Comment by shadowgovt
1 month ago
Every time I see people talk about 'dead internet' I think about what web sites looked like before Google dropped PageRank into the whole ecosystem and utterly killed the utility of putting huge blobs of black-on-black text at the bottom of a page for keyword-match purposes. This was then shortly followed by Google becoming so popular they could use user behavior itself as a signal for site quality (much to the chagrin of every new publisher ever who suddenly had a catch-22 of "Nobody visits my site because Google won't uprank it because nobody visits my site").

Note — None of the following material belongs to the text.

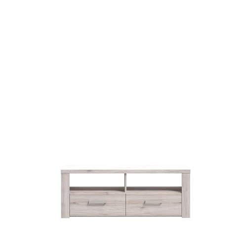 Wenn Sie auf der Suche nach einem TV-Unterschrank sind, der nicht nur funktional ist, sondern auch optisch ansprechend, dann ist der FORTE Portland TV-Unterschrank mit 2 Schubladen in der Sandeiche-Optik die ideale Wahl für Sie. Gönnen Sie sich dieses hochwertige Möbelstück und genießen Sie die Vorzüge eines gut organisierten und stilvollen Wohnzimmers.

The Internet has never been dead. Or alive. Ever since it escaped its comfortable cage in the university / military / small-clique-of-corporations ecosystem and became a thing "anyone" can see and publish on, there has forever been a push-pull between "People wanting to use this to solve their problems" and "People wanting eyeballs on their content, no matter the reason." We're just in an interesting local minimum where the ability to auto-generate human-shaped content has momentarily overtaken the tools search engines (and people with their own brains) use to filter useful from useless, and nobody has yet come up with the PageRank-equivalent nuclear weapon to swing the equation back again.
I'm giving it time, and until it happens I'm using a smaller list of curated sites I mostly trust to get me answers or engage with people I know IRL (as well as Mastodon, which mostly escapes these effects by being bad at transiting novelty from server to server), because thanks to the domain name ownership model pedigree of site ownership still mostly matters.